The Senate panel’s investigation earlier this year into America’s flawed prewar intelligence on Iraq concluded that CIA and other analysts had faced intense pressure from White House and Pentagon officials during the run-up to the war. But investigators found no one at the agency who had buckled or shifted positions because of outside interference.
If confirmed, Goss would become head of the CIA and director of central intelligence, which would make him the nominal chief of America’s 14 other spy agencies.
Both roles are likely to change under reform proposals under consideration on Capitol Hill. But Sen. Pat Roberts (R-Kan.), the committee chairman, told reporters after the hearing that Goss was likely to remain the nation’s top intelligence official if Bush was reelected.
Goss also said he intended to work quickly to improve communication among analysts at the CIA and other intelligence agencies, and among experts who work in different specialties, including counterterrorism, narcotics trafficking and weapons of mass destruction.
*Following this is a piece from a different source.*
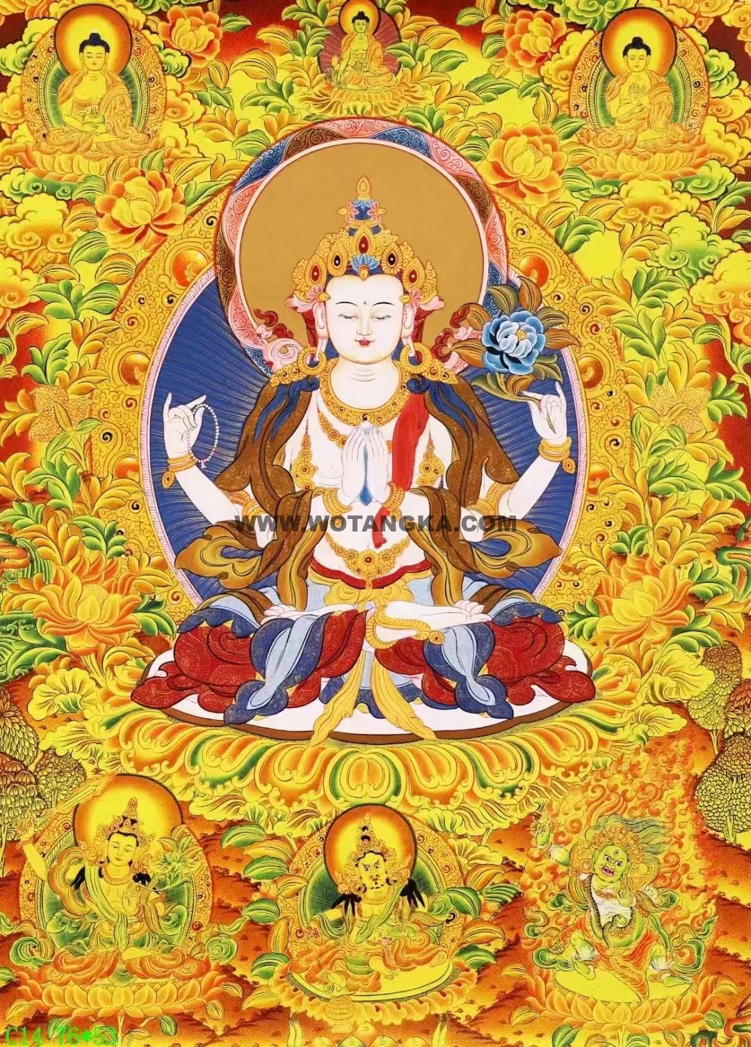尼泊尔知名唐卡画师纯手绘布本唐卡【四臂观音·三怙主】,作品采用24K真金金粉混合天然颜料纯手绘而成。作品主尊宝相传神。布图干净精美、画工非常的细腻,严格的遵照佛经的度量仪轨如法绘制,期待有缘人。

Goss described the system of cooperation as “broken.”
Roberts praised Goss as a “forthright witness” and said he expected the panel to approve Goss’ nomination today. No strong political opposition to Goss has emerged, although some Democrats are likely to vote against him when the nomination goes to the full Senate this week.
During eight hours of hearings over two days, Democrats attacked Goss for what they described as overtly partisan statements on behalf of Republican positions that he had made during his 16 years in Congress, including the last eight as head of the House Intelligence Committee. Several questioned whether he would be sufficiently independent if he became the nation’s top spy.
During Monday’s hearing, for example, Sen. John D. “Jay” Rockefeller IV (D-W.Va.), the committee vice chairman, held up two white binders that he said held 10 years of Goss’ partisan statements. “How does one simply become a different person?” Rockefeller asked.
Goss, who worked as a clandestine CIA officer in Europe and Latin America in the 1960s, repeated earlier pledges to leave politics behind if confirmed as CIA chief. But he said no intelligence official should be held responsible for what political leaders did once the CIA had made its best effort to collect and analyze intelligence.
“I do not think it’s appropriate ... to go and tell a policymaker how to use product,” he said. “That would scare me a lot.... There has to be a clear delineation between delivering unvarnished product and allowing policymakers to do their job in the way they see fit.”